KEY HEDGE FUND PLUS INC.
Addendum No. 2 to the Offering Memorandum dated 26 February 2004
26 March 2008
KEY HEDGE FUND PLUS INC.
(the “Company”)
Addendum No.2 to the Offering Memorandum dated 26 February 2004
This Addendum should be read in conjunction with, and forms part of, the Offering
Memorandum of the Company dated 26 February 2004 (the "Offering Memorandum) as amended
and supplemented by Addendum No. 1 to the Offering Memorandum. All capitalised terms
herein contained shall have the same meaning in as in the Offering Memorandum, unless
otherwise indicated.
Leverage
As of 1 October 2007 the Company redeemed its investment in the Option. Accordingly the
following changes are made to the Offering Memorandum:
On page 6 the definition of “Bear, Stearns” is deleted.
On page 9 in the fourth line of the first paragraph under “Investment Objective” the words “,
certificates or other derivatives” are added after “such as options”.
On page 9 the second paragraph under “Investment Objective” is deleted.
On page 10 in the fourth paragraph after “Fees and Expenses” the words “Bear, Stearns” are
deleted.
On page 14 in the fourth line under “Investment Objective of the Company” the words “,
certificates or other derivatives” are added after “such as options”.
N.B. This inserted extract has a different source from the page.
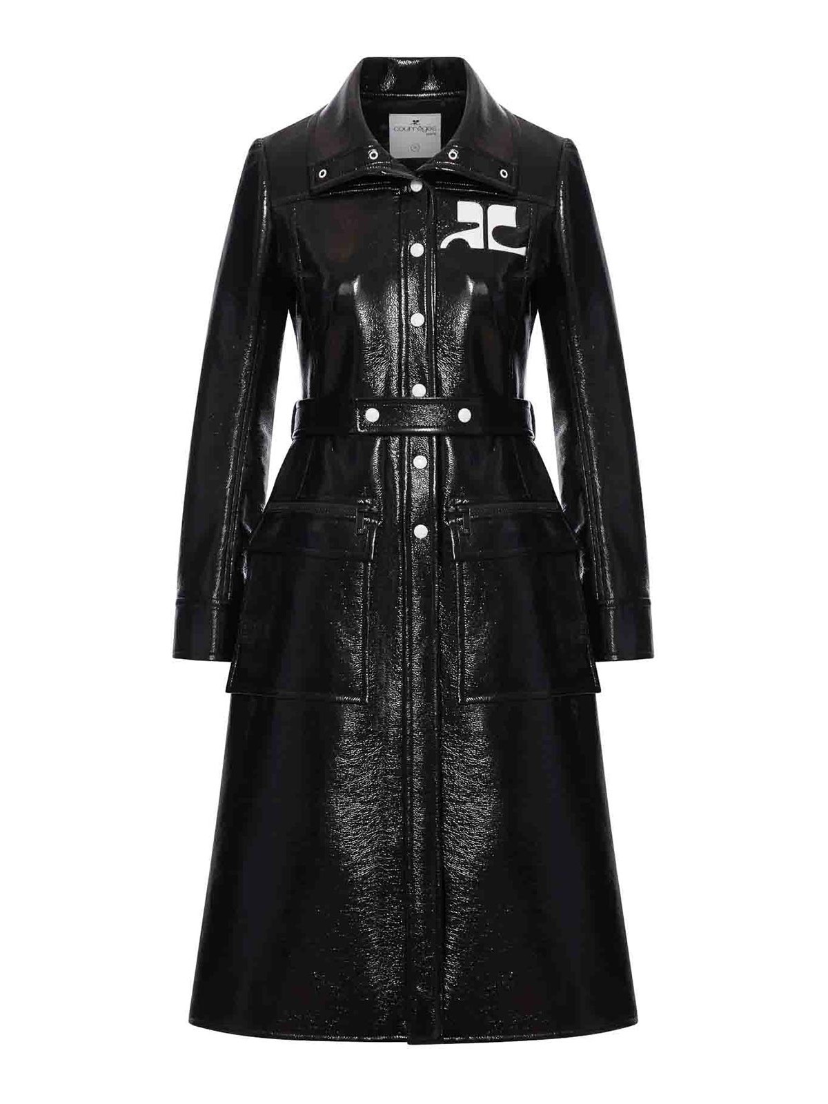 High collar, long sleeves, lined interior, white logo inlaid on the chest, removable belt with zip, applique pockets underneath, back slit, color black

On page 15 in the first line the words “, certificates or other derivatives” are added after “such as
options”.
On page 15 the paragraph headed “Bear, Stearns Option” is deleted.
On page 16 in the second paragraph after “Manager’s Fees” the words “the Option” are deleted
and replaced by “any option, certificate or other derivative”.
On page 17 the fourth paragraph, beginning “Bear, Stearns charge fees” is deleted and replaced
by the following:
“The provider or issuer of any options, certificates or other derivative transactions the Company
enters in to purchases will charge fees on a normal commercial basis. Such fees may be implicit
in the price of the instrument. Any such fees will always be negotiated on an arms length basis”.
On page 19 the second sentence of paragraph (c) is deleted.
On page 35 paragraph (c) is deleted.
On page 44 in the paragraph headed “Leverage, Interest Rate and Margin” the words “the
Option” are deleted and replaced by “options, certificates”.
Appointment of Director
David Watts was appointed as a director of the Company with effect from 12 November 2007.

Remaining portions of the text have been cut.